Stefan smiled faintly, not like he meant it, and handed Samuel the glass of orange juice he'd tried to give him earlier. I knew why he handed it to Samuel and not me. Samuel was getting all territorial-I was impressed that a vampire could read him that well.
"I think Mercy would be a better narrator," Stefan said. There was a thread of uncharacteristic anxiety in his voice that distracted me from worrying about Samuel's possessiveness.
Why was Stefan so anxious to hear what I had to say? He'd been there, too.
I took the glass Samuel handed me and sat up until I wasn't leaning against him anymore. I hadn't realized how thirsty I'd been until I started drinking. I'm not usually fond of orange juice-Samuel's the one who drank it-but just then it tasted like ambrosia.
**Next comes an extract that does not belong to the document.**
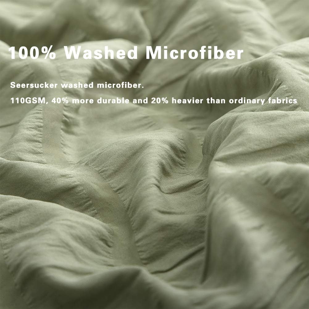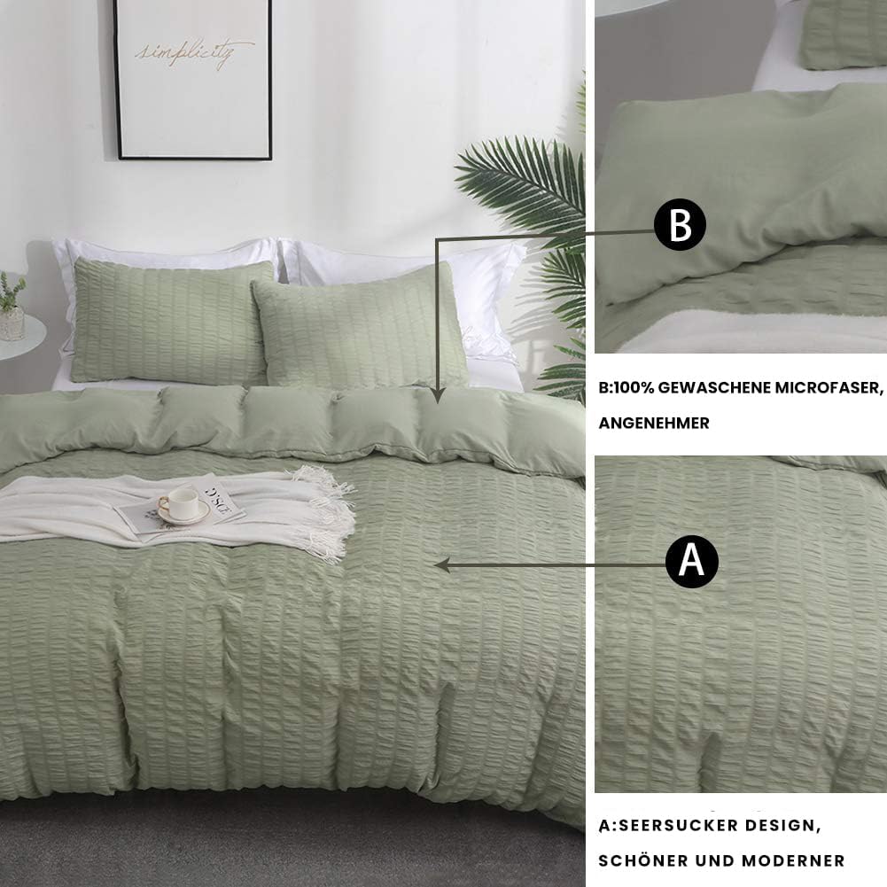 Boqingzhu Seersucker Bettwäsche Grün 220x240cm Sommer Atmungsaktiv Kühlende Wende Bettwäsche Set Bet

It wasn't magic, though. When I finished, my head still hurt, and I wanted nothing more than to crawl into my bed and pull the covers over my head, but I wasn't going to get any rest until Samuel knew everything-and Stefan apparently wasn't going to talk.
"Stefan called me a couple of hours ago," I began. "I owed him a favor for helping us when Jesse was kidnaped."
They both listened raptly, Stefan nodding in places. When I reached the part where we entered the hotel room, Stefan sat on the floor near my feet. He leaned his back against the couch, turned his head away from me and covered his eyes with a hand. He might just have been getting tired-the window shades were starting to lighten with the first hints of dawn as I finished up with my botched attempt at killing Littleton and my subsequent impact with the wall.
"You're sure that's what happened?" asked Stefan without uncovering his eyes.
I frowned at him, sitting up straighten "Of course I'm sure." He'd been there, so why did he sound as if he thought I might be making things up?
He rubbed his eyes and looked at me, and there was relief in his voice. "No offense meant, Mercy. Your memories of the woman's death are very different from mine."
I frowned at him. "Different how?"
"You say that all I did was kneel on the ground while Littleton murdered the hotel maid?"
"That's right."
"I don't remember that," he said, his voice a bare whisper. "I remember the sorcerer brought the woman out, her blood called to me, and I answered it." He licked his lips and the combination of horror and hunger in his eyes made me glance away from him. He continued in a whisper, almost to himself. "Bloodlust has not overcome me in a long, long time."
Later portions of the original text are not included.